Suicide is a leading cause of death for adolescents in the United States. Widespread implementation of evidence-based practices for this population remains challenging due to resource shortages and system barriers. Dialectical Behavior Therapy for Adolescents (DBT-A) has robust research support, with positive clinical outcomes when implemented with fidelity. At the same time, implementation requires individual therapy with trained clinicians, a resource which may not be available at the level required in some communities. The current study uses theoretical frameworks from adult implementations of Dialectical Behavior Therapy (DBT) where treatment was provided in a DBT Skills Training format without weekly individual therapy to examine skills training for adolescent clients with suicidal behaviors and is the first published study regarding feasibility of skills training for this population.
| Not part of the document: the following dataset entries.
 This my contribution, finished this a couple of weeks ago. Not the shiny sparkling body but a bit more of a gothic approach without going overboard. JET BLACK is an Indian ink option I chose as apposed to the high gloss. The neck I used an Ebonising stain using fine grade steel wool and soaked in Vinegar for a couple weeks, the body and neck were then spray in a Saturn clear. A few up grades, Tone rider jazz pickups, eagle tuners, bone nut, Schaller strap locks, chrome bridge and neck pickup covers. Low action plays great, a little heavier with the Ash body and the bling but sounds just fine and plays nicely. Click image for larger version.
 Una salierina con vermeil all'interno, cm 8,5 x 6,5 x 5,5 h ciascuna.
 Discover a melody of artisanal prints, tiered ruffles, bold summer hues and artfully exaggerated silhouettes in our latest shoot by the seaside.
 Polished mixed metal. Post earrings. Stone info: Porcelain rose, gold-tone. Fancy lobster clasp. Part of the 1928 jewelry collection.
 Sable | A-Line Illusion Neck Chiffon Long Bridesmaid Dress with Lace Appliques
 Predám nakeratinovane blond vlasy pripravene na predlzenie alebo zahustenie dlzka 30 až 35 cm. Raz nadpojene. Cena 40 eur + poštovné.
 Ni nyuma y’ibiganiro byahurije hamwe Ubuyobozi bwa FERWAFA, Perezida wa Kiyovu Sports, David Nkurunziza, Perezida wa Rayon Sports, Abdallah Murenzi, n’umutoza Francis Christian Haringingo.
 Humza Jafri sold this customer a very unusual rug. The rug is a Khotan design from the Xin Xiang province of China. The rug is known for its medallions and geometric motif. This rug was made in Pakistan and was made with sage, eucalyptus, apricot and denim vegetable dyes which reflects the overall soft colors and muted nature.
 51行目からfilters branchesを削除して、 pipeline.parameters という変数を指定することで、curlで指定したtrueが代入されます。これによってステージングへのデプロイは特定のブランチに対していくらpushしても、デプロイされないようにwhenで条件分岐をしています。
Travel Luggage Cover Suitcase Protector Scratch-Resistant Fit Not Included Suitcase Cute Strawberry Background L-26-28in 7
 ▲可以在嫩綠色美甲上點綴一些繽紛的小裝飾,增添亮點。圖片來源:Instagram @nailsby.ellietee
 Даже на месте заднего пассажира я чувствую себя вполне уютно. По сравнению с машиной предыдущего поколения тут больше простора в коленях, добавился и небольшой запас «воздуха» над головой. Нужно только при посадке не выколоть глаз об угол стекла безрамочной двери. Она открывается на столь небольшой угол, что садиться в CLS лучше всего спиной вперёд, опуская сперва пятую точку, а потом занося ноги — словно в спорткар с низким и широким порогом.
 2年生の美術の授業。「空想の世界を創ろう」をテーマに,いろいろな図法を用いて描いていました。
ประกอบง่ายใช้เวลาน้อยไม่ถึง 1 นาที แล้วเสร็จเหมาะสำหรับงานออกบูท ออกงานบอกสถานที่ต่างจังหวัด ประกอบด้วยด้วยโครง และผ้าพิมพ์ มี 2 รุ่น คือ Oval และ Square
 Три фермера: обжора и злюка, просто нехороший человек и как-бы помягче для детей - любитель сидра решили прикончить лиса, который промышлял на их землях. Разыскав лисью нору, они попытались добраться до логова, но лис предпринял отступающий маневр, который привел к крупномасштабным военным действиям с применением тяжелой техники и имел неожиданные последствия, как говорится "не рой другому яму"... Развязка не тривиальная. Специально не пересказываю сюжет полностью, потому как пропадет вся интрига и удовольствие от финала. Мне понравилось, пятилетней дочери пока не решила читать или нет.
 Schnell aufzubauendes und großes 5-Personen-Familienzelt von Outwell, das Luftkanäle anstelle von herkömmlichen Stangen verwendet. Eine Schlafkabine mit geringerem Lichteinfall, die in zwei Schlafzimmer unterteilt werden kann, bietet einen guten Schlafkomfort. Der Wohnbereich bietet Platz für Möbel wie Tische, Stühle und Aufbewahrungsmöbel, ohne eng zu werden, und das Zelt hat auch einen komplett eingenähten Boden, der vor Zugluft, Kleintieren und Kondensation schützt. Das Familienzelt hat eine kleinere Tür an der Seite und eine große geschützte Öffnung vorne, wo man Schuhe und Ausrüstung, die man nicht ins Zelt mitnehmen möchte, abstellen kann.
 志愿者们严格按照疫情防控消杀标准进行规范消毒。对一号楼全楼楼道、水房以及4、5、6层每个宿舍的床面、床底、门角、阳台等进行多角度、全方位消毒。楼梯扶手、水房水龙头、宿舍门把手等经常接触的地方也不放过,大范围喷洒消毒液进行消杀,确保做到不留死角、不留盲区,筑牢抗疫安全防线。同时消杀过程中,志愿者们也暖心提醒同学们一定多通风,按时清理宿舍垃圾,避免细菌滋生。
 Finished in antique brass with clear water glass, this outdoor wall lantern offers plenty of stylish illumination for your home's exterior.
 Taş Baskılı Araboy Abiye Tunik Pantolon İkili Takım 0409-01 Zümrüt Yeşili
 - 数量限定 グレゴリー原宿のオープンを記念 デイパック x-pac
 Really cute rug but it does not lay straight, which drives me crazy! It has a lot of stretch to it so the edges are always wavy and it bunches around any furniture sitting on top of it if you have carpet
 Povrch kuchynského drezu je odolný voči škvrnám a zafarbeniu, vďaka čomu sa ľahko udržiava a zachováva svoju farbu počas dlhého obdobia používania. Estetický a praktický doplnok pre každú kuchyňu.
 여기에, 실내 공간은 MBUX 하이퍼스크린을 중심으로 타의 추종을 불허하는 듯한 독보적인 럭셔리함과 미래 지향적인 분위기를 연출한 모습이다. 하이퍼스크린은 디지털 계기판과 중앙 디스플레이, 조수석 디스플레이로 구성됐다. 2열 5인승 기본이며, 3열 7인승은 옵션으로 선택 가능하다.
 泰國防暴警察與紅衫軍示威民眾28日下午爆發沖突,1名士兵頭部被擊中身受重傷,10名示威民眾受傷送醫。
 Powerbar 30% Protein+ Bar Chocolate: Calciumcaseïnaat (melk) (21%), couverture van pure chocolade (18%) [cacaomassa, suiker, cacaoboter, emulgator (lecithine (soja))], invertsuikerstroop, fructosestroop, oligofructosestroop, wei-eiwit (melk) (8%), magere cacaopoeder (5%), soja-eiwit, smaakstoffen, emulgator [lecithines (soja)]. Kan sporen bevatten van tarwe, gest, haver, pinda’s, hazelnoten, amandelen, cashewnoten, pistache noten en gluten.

Adolescents and their families were offered DBT Skills Training while on the waitlist for DBT-A. Of the 125 families referred, 48 chose DBT Skills Training and 77 opted to wait for DBT-A, creating a natural quasi-experimental design useful in exploring differences between DBT-Skills Training and DBT-A.
There were no significant differences between the two groups at baseline. Rates of treatment completion were similar between the two groups.
Results from the current study demonstrate similar rates of treatment drop-out and treatment completion between DBT Skills Training and DBT-A, suggesting DBT Skills Training without individual therapy for adolescents is feasible and warrants additional research.